The Sesotho (Southern Sotho) stemming algorithm was developed by Kamohelo Lebjane. Sesotho (ISO 639-1: st) is a Southern Bantu language spoken by approximately 5.6 million people in South Africa and Lesotho.
Like other Bantu languages, Sesotho is agglutinative - words are formed by attaching prefixes and suffixes to root morphemes. A single root can appear with many different affixes, making stemming important for information retrieval.
The algorithm removes noun class prefixes and verb/nominal suffixes to extract root forms. Sesotho uses a noun class system where prefixes indicate grammatical categories (e.g., mo-/ba- for people, le-/ma- for certain objects, se-/li- for things). Verb suffixes encode tense, aspect, and voice (e.g., -ile for perfect tense, -isa for causative, -wa for passive).
The stemmer processes suffixes before prefixes and ensures a minimum stem length is preserved to avoid over-stemming.
/* stringescapes UTF-8 */
/*
Sesotho stemmer for the Snowball project
----------------------------------------
Author: Kamohelo Lebjane
Purpose: To reduce Sesotho words to their morphological stems.
Language notes:
Sesotho (Southern Sotho) is an agglutinative Bantu language.
Words often contain prefixes for noun classes and suffixes
for tense, aspect, or derivation.
An agglutinative language is a type of language that primarily forms words
by stringing together morphemes (word parts)—each typically representing a single
grammatical meaning—without significant modification to their forms (agglutinations).
In such languages, affixes (prefixes, suffixes, infixes, or circumfixes)
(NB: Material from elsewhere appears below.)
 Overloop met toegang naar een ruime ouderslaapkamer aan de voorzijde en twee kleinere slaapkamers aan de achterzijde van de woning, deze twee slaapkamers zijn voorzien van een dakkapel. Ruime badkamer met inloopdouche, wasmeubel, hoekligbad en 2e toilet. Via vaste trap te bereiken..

are added to a root word in a linear and systematic way, creating complex
words that encode detailed grammatical information.
Examples:
baruti -> rut (root)
moruti -> rut (root)
rutile -> rut (root)
The rules below remove common noun class prefixes
and common verb suffixes, keeping the main root form.
*/
/* --- Routine declarations --- */
routines (
mark_regions
remove_noun_prefixes
remove_verb_suffixes
remove_nominal_suffixes
)
/* --- External declarations --- */
externals ( stem )
/* --- Groupings --- */
groupings ( v )
/* --- Character sets --- */
define v 'aeiou'
/* --- Integer for tracking position --- */
integers ( pV )
/* --- Mark vowel region --- */
define mark_regions as (
// Set pV after the first vowel and at least 2 characters into the string.
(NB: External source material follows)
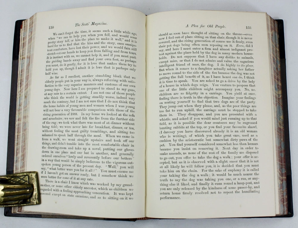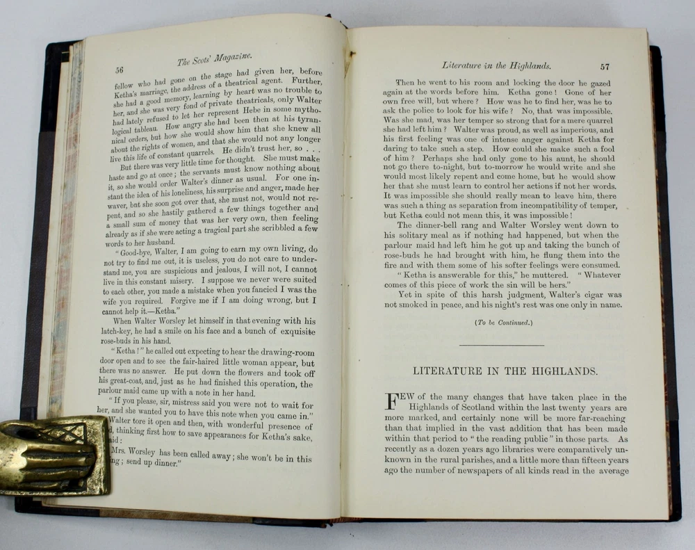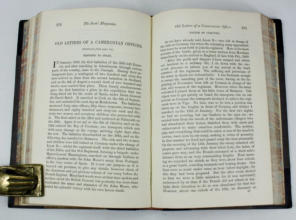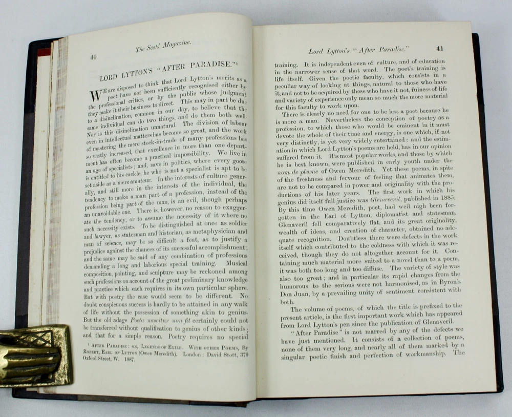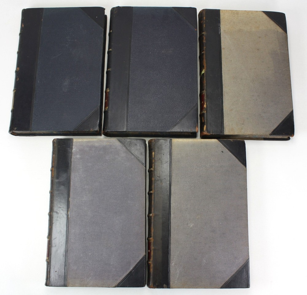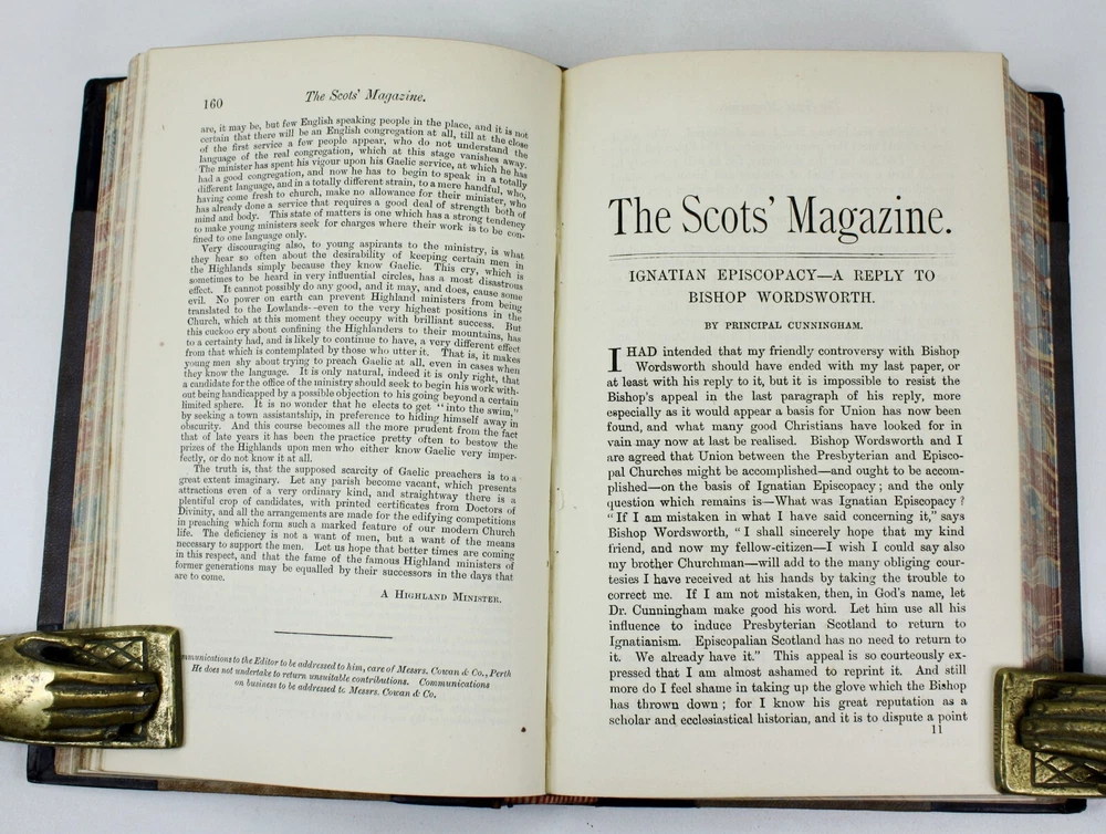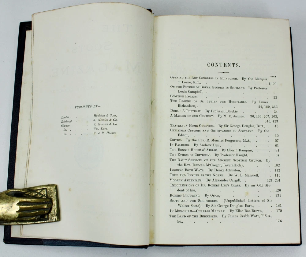 The Scots Magazine was found in 1739, and claims to be the world's oldest magazine still in publication today (although with gaps in its publication history). It merged with Edinburgh Magazine and Literary Miscellany in 1804. It was intended as a Scottish rival to the London-based Gentleman's Magazine, covering a diverse range of Scottish interest issues, amongst wider global subjects of interest. Following a large gap in publication from the 1930s, when it had been withdrawn, The Scots Magazine was again published From December 1887 until 1893, under the new ownership of S. Cowan of Perth. There is a strong Christian focus during this period. Issues from this period are particularly scarce, and are presented here... 5 matching volumes comprising: Vol. 1: New Series - Vol I; December 1887 - May, 1888, 480pp; Vol. 2: New Series - Vol II; June - November, 1888, 472pp; Vol. 3: New Series - Vol III; December 1988- May, 1889, 476pp; Vol. 5: New Series - Vol V; December 1989- May, 1890, 476pp; and; Vol. 6: New Series - Vol VI; June - November, 1890, 476pp. (Missing Vol. 4 in the run). The Editor for Vols. 5 & 6 is credited on the title page as the Rev. W.W. Tulloch, B.D. Published by S. Cowan & Co., Printers and publishers, Perth. 1888-1890 First editions. Also additional publishers are credited for different cities: Houlston & Son, London; J. Menzies & Co., Edinburgh; J.Menzies & Co., Wm. Love, W. & R. Holmes and C.L. Wright, Glasgow. A good set of 5 black hardback volumes with leather spines and corners, with raised bands, gilt decoration and morocco title labels. The cloth covering is a black chagrin style material. Covers are scuffed and bumped with some discoloration. Volumes 1 and 3 with cracked and weak front joints, but all still bound. Vol 3 with loss to leather on spine. With age spotting to endpapers. The text itself is very good - generally bright and clean throughout. With a few pencil annotations to rear endpapers. Nicely marbled edges to text block. Text in English. Dimensions: Each volume approximately 217mm x 145mm x 30mm. Weight: Approximately 3.88kg (the set - unpacked). The Scots Magazine was found in 1739, and claims to be the world's oldest magazine still in publication today (although with gaps in its publication history). It merged with Edinburgh Magazine and Literary Miscellany in 1804. It was intended as a Scottish rival to the London-based Gentleman's Magazine, covering a diverse range of Scottish interest issues, amongst wider global subjects of interest. Following a large gap in publication from the 1930s, when it had been withdrawn, The Scots Magazine was again published From December 1887 until 1893, under the new ownership of S. Cowan of Perth. There is a strong Christian focus during this period. Issues from this period are particularly scarce, and are presented here... A good set of 5 black hardback volumes with leather spines and corners, w

// Signals f if the string doesn't contain a vowel or is shorter than 2
// characters.
test (gopast v setmark pV)
test (hop 2 do ($(cursor > pV) setmark pV))
)
/* --- Remove noun class prefixes --- */
define remove_noun_prefixes as (
[substring] among(
'mo' 'ba' 'me' 'le'
'ma' 'se' 'boi' 'li'
)
/* Require at least two characters remain */
test (next not atlimit)
/* Only delete if there's a vowel after the cursor position */
gopast v delete
)
backwardmode (
/* --- Remove verb suffixes (from end of word) --- */
define remove_verb_suffixes as (
setlimit tomark pV for (
[substring] among(
'ile' /* perfect tense */
'isa' /* causative */
'etse' /* applicative */
'ela' /* applicative */
'ang' /* plural imperative */
'ong' /* continuous/derived form */
'eng'
'wa' /* passive */
'a' /* infinitive marker */
(delete)
)
)
)
/* --- Remove nominal suffixes --- */
define remove_nominal_suffixes as (
setlimit tomark pV for (
[substring] among(
'nyana' /* diminutive form */
'ana' /* diminutive form */
'ano'
'oa'
'i'
(delete)
)
)
)
)
/* --- MAIN STEMMER --- */
define stem as (
mark_regions // Signals f if the string is too short to stem.
backwards (
do remove_nominal_suffixes
do remove_verb_suffixes
)
do remove_noun_prefixes
)